‹…› Пьесы у меня к тому времени уже запрещали намертво. Олег Ефремов от театра «Современник» носил их в Московское управление культуры. Но в ответ: «Нам этого не показывали, мы этого не читали». Куда податься? В кино? А там — «малокартинье». Распоряжение Сталина: «Картин должно быть мало, но только хорошие». И картин стало мало, но только плохие.
Я думаю, может быть, детское что-либо? Я же учителем в деревне был. Стал все же ходить по школам. Ну — учителя учат, ученики учатся. Учителя тогда еще получали зарплату, а ученики еще не знали голодных обмороков. Как вдруг в одной школе на стенке объявление: «Красные следопыты! Ищем пионера, который был в первой пионерской организации нашего города». И вдруг что-то зашевелилось внутри…

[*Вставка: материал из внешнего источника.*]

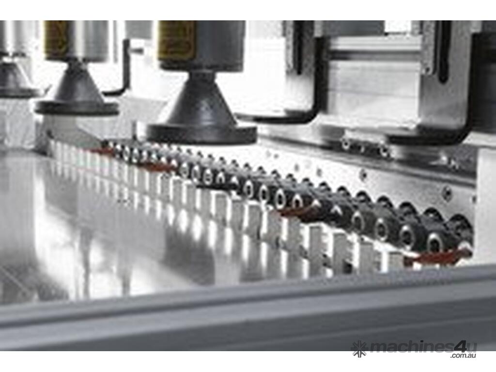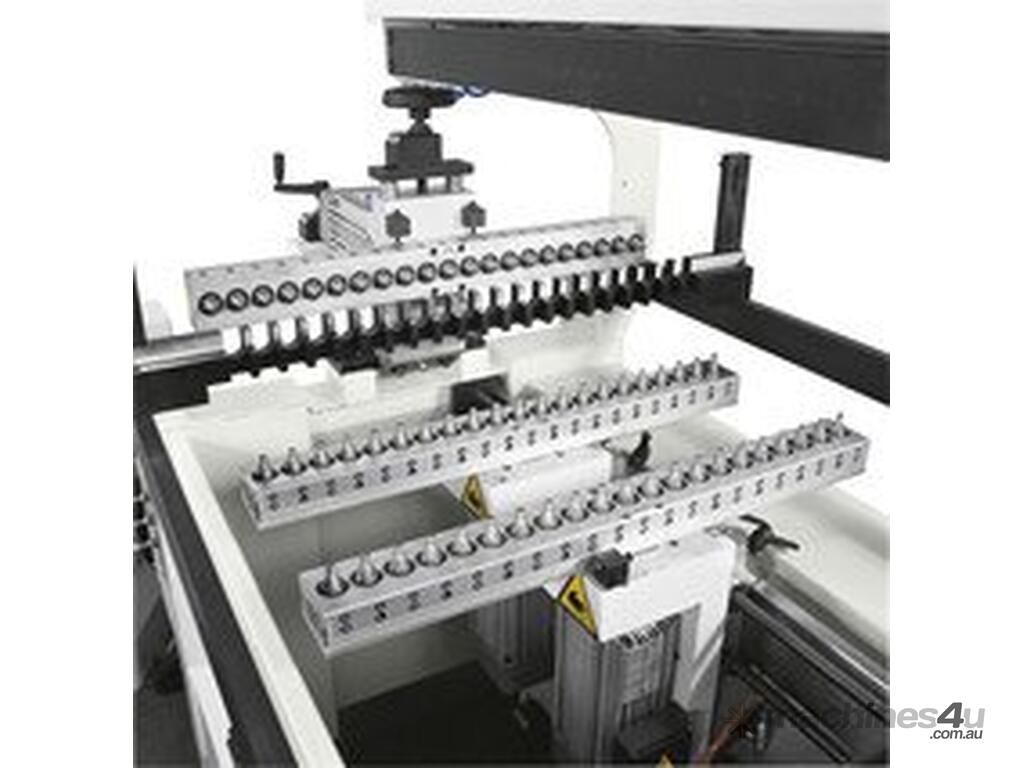 This is a semi-automatic easy to use multi-boring machine with TWO rotating vertical heads. These heads rotate from 0-90° in addition to ONE horizontal head with 21 spindles for quick attachment. This machine is capable of carrying out all of your drilling and boring needs with its sturdy solid steel structure. With quick attachments included, this machine will speed up your setup and running your applications, making you more productive and more money!

Девочка, в классе, может быть, пятом, влюблена в старшего пионервожатого. (Неточно — любит!) И вот в сердечке ее (неверно — в Сердце!) воспламенилось желание возложить на алтарь своей любви первого пионера. И она отправилась по квартирам, по улицам и дворам. Но вот что главное! Не нашла!
Так я написал. Грустно, но что делать! Жизнь грустна. Однако режиссеры Александр Митта и Ролан Быков стали уговаривать меня, чтобы я все же дал Ролану финальный монолог. Вот тут я отказался наотрез. Дело в том, что некогда меня с позором исключили из пионеров. Под барабанный бой и сиплые крики горна выдворили из лагеря. И что же теперь: «Кто шагает дружно в ряд? Пионерский наш отряд!»? «Будь готов! Всегда готов! Как Гагарин и Титов!»?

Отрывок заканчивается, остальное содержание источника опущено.